§ **Stored data**:
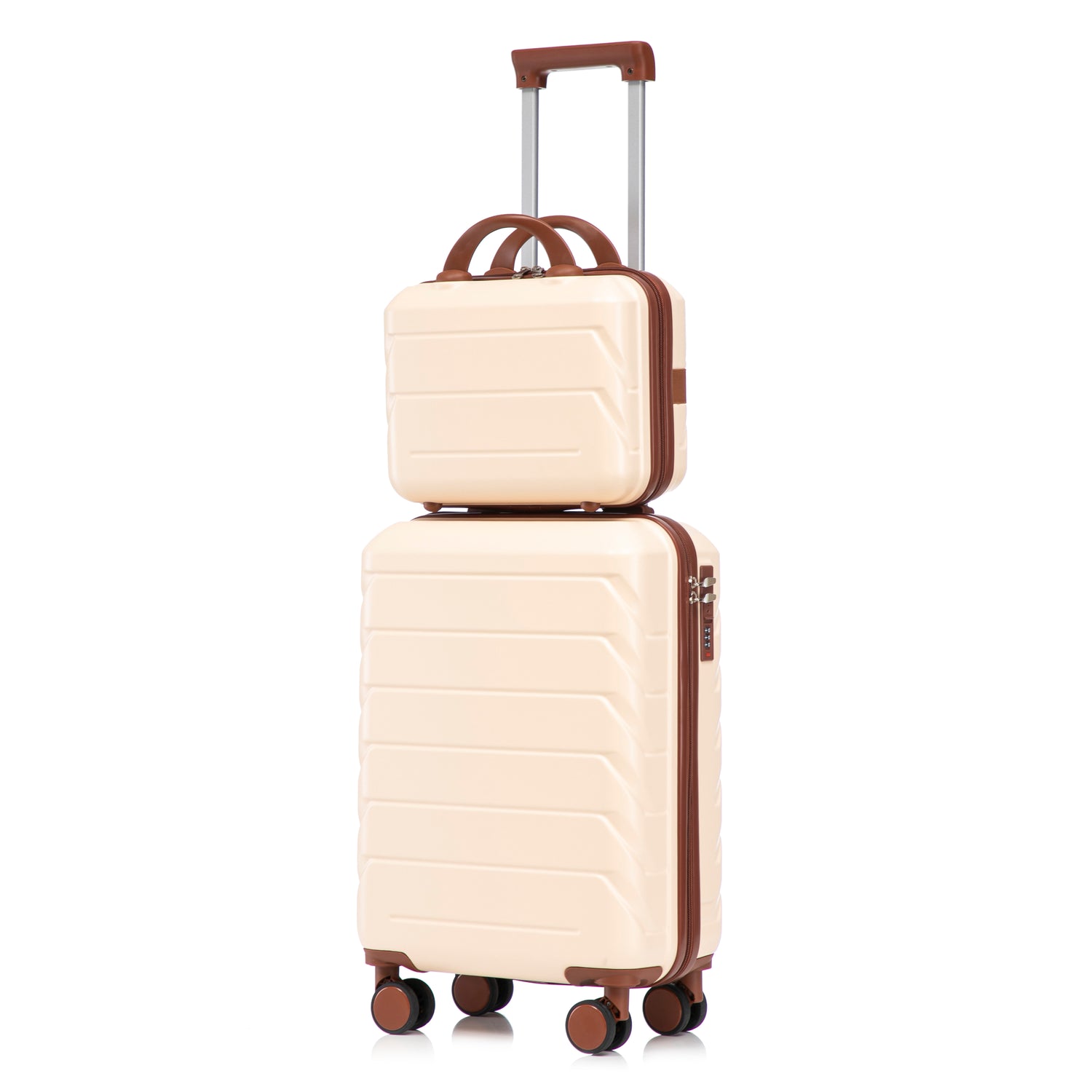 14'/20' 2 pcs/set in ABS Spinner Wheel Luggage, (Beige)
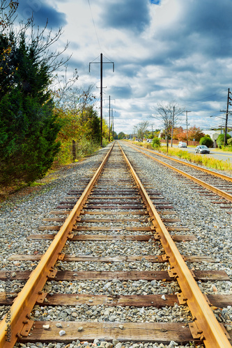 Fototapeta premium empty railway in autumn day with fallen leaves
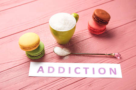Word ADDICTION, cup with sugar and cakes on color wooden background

...

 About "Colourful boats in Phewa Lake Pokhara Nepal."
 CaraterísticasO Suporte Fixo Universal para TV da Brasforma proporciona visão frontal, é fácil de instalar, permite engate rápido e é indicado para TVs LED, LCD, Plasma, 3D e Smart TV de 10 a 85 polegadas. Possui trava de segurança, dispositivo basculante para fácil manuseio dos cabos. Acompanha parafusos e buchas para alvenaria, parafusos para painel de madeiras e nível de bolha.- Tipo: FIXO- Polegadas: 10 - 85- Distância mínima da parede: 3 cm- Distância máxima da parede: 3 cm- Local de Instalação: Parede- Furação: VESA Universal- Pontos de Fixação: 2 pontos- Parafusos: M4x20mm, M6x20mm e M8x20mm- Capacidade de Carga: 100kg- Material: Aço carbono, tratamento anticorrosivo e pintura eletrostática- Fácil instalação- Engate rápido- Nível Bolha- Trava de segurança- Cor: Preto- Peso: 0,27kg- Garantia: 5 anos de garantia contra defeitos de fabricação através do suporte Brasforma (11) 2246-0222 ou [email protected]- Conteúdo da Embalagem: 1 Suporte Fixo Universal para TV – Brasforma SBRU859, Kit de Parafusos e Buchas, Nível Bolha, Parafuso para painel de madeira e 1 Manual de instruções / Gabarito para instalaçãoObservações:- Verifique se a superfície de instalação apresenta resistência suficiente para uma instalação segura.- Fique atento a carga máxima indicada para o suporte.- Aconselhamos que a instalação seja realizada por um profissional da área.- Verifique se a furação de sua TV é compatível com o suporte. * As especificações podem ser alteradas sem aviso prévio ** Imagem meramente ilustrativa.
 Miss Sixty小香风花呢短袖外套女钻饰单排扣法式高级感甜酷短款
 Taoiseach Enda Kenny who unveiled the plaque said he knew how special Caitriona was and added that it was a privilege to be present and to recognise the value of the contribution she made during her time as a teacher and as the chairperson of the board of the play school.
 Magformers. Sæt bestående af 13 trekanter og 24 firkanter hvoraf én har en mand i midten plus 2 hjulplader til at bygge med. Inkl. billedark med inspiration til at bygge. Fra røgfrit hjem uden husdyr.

§ **Work task**: Above are entries with pictures among them. Write out exactly the lines from the one containing "Fototapeta premium empty" through the one containing "Word ADDICTION, cup", ends included, and leave those pictures out.

§ **Expected output**:
 Fototapeta premium empty railway in autumn day with fallen leaves
Word ADDICTION, cup with sugar and cakes on color wooden background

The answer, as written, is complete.